Caching: A Guide to Optimizing System Performance

Caching

Caches can be anything that reduces time and avoids expensive operations like Network I/O, Disk I/O, or computation.

What Needs to Be Cached?

  • API calls to get the profile of a user.

  • Queries involving multiple table joins.

  • Reading particular files repeatedly.

Caches store data in a temporary storage location for faster access. They are essentially key-value pairs.

How Cache is Fetched

Suppose a user makes a call to a backend API:

  1. The API first checks if the data is available in the cache.

  2. If not, it retrieves the data from the database, stores it in the cache, and returns the response to the user.

Fetching data from the database is time-consuming and costly. By storing frequently needed data in the cache, we can access it faster. While caching is an expensive operation, it is justified for important and frequently accessed data. However, storing all data in the cache would become too expensive.

Common Tools for Caching

  • Redis

  • Memcached

Note: Cache is not restricted to RAM-based storage; it can be any storage that is closer and helps avoid expensive operations.

Caches are essentially glorified hash tables.

Examples of Caching

  1. Google News: Most recent news and articles are cached as they are more likely to be accessed.

  2. Auth Token: Authentication tokens are cached to avoid repeated requests to the database.

  3. Twitter: Recent posts from followed accounts are cached for faster access.

  4. Live Streaming: The last 10 minutes of a livestream are cached on CDN for quick access.

Types of Caching

Lazy Population

The most popular way to cache. The process:

  1. On read, first check the cache.

  2. If the data exists, return it.

  3. If not, retrieve it from the database, store it in the cache, and then return it.

Example: Caching a blog. Fetching data from the database is expensive, so it is stored in Redis or similar systems when accessed.

Eager Population

Data is written to both the database and cache simultaneously.

Example: Live cricket scores. Thousands of people watch cricket scores; serving them from the cache saves time and avoids cache misses.

Here, data is proactively pushed to the cache, especially for content that will definitely be accessed, like viral posts on social media.

Scaling the Cache

It is similar to a database, so we will use the same techniques to scale the database.
You can refer this to get detailed understanding :https://amanog.hashnode.dev/scaling-database

Vertical Scaling

Make the cache bigger to handle more data or load.

Horizontal Scaling - Replica (Scaling Read)

Replicate some data across nodes to save read operations.

Horizontal Scaling - Scaling Write

Distribute or shard data across multiple nodes to handle write operations efficiently. Shards are mutually exclusive.

Caching Challenges

Caching has problems like serving stale data and invalidation.

Caching at Different Levels

Client-Side Caching

Store frequently accessed data on the client side, such as in browsers or mobile devices.

Examples:

  • Constant data like images, JavaScript, and CSS files.

  • Recently watched content on streaming platforms like Amazon Prime is cached locally for quick access. However, logging into another device does not retrieve the same state.

Invalidation: Done through time expiry.

Content Delivery Network (CDN)

A set of distributed servers used for caching. Requests from users are routed to the nearest CDN server for faster responses.
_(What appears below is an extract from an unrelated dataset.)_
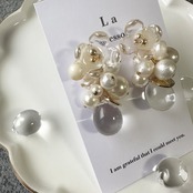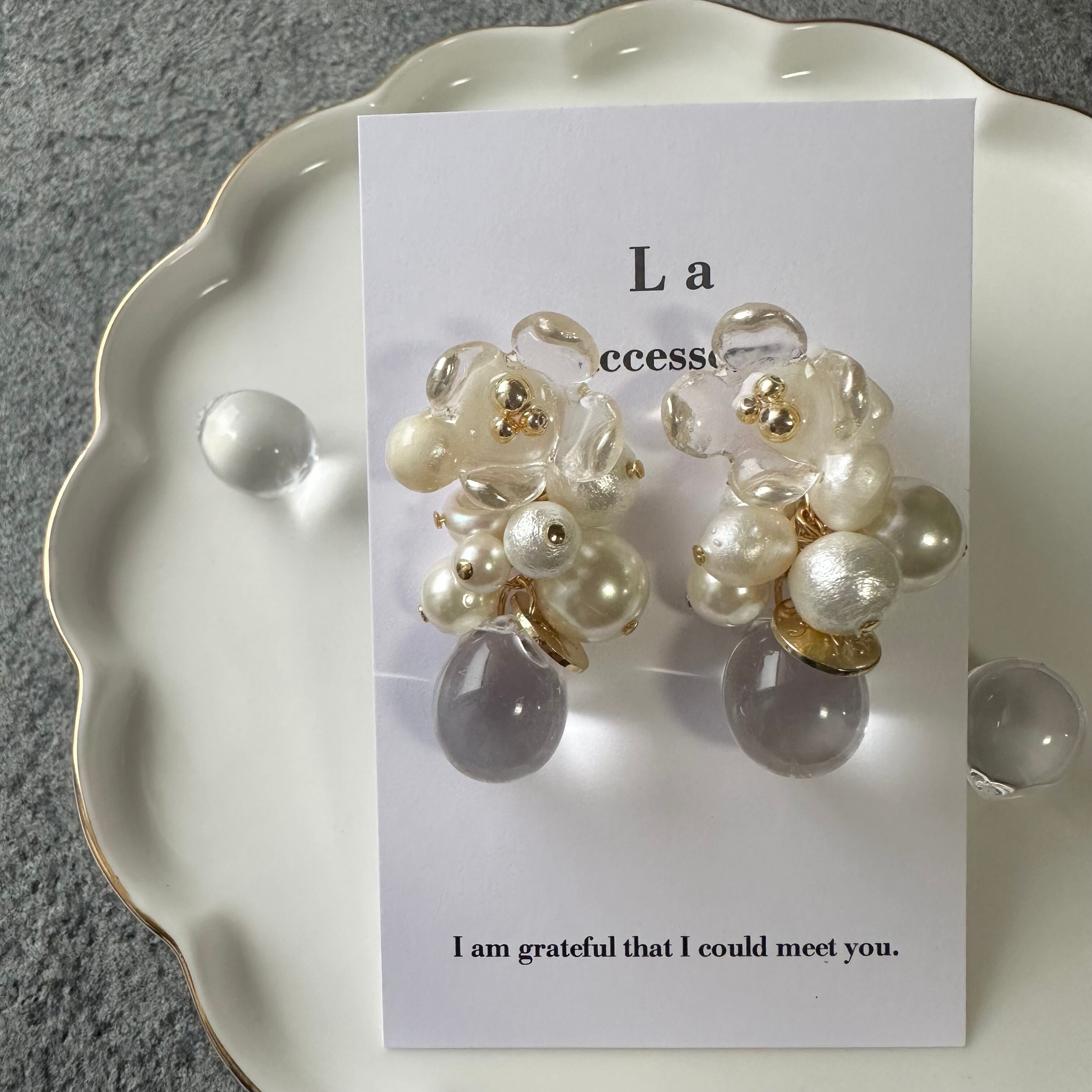 シルキーパール、高品質コットンパール、クリアパーツをmixしてとっても可愛いデザインに♡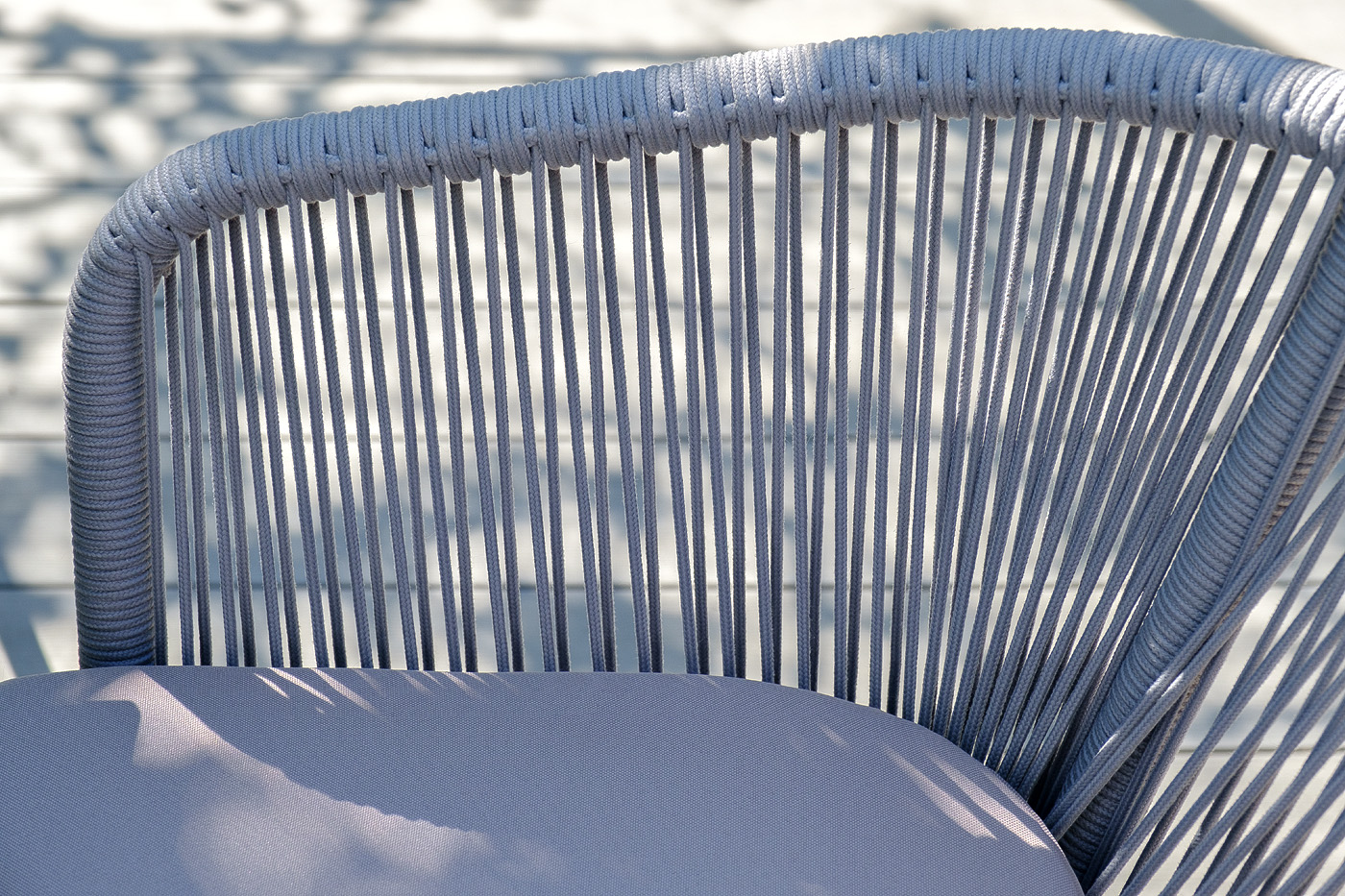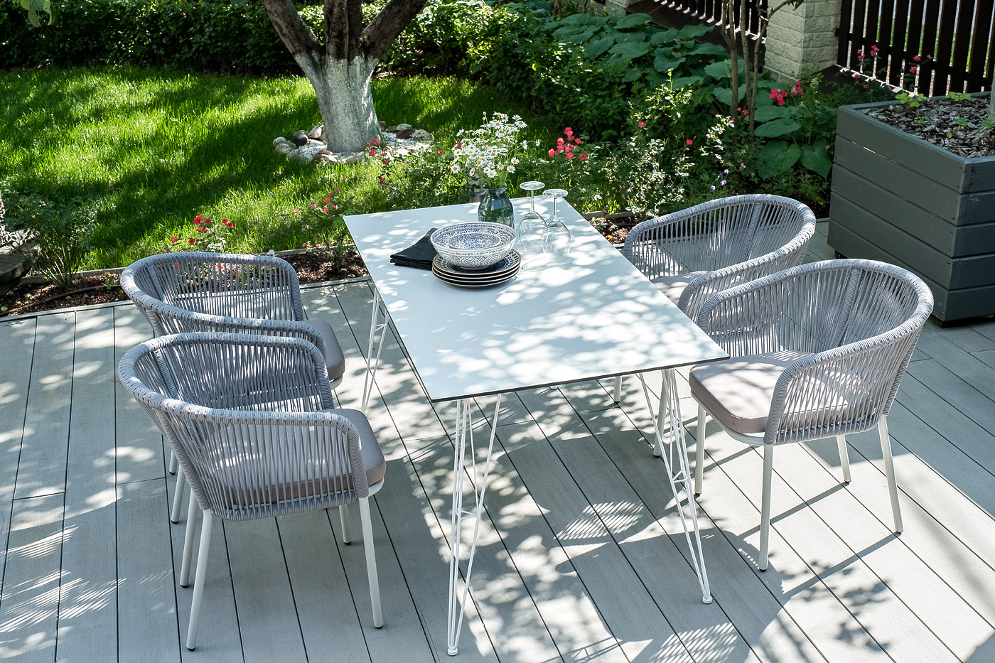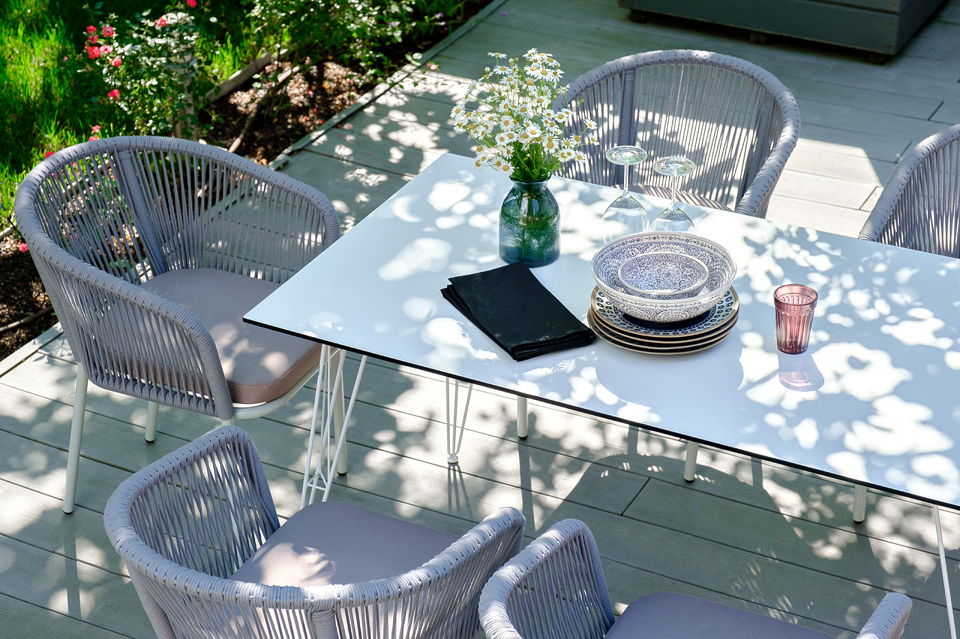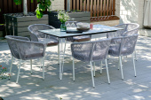 Каркас стульев белого цвета - алюминиевый, оплетен вручную современным материалом - роупом светло-серого оттенка. Это эластичные синтетические ленты из высокопрочных полиэфирных волокон. В комплект входят подушки со съёмными водоотталкивающими чехлами. "Руссо" обеденный стол из HPL 150х80см, цвет "молочный" 1шт. 1 500Х800Х750, "Марсель" стул плетеный из роупа, каркас алюминий белый муар, роуп светло-серый круглый, ткань светло-серая 6шт. 570Х620Х775,

Example: An application with servers in India serving a user in the US would benefit from caching images on a US-based CDN server.

CDN Cache Population: Done lazily. If the data is unavailable, the CDN requests it from the origin server, caches it, and sends the response to the user.

Remote Cache (Redis)

A centralized cache commonly used by multiple API servers to store or access frequently used data.

Database Caching

Store the results of expensive computational tasks for repeated use.

Example: Instead of running SELECT COUNT(*) FROM posts WHERE user_id = 123 every time, store the total posts in a database column and update it occasionally.

Remember, every time a post is published, we also update the user table by setting totalpost = totalpost + 1.

Note:

Whatever system you are designing or observing, each component has some memory where you can cache data, such as a load balancer. Just because you can add more caching layers doesn't mean you should. The more layers you add, the more stale data you might introduce.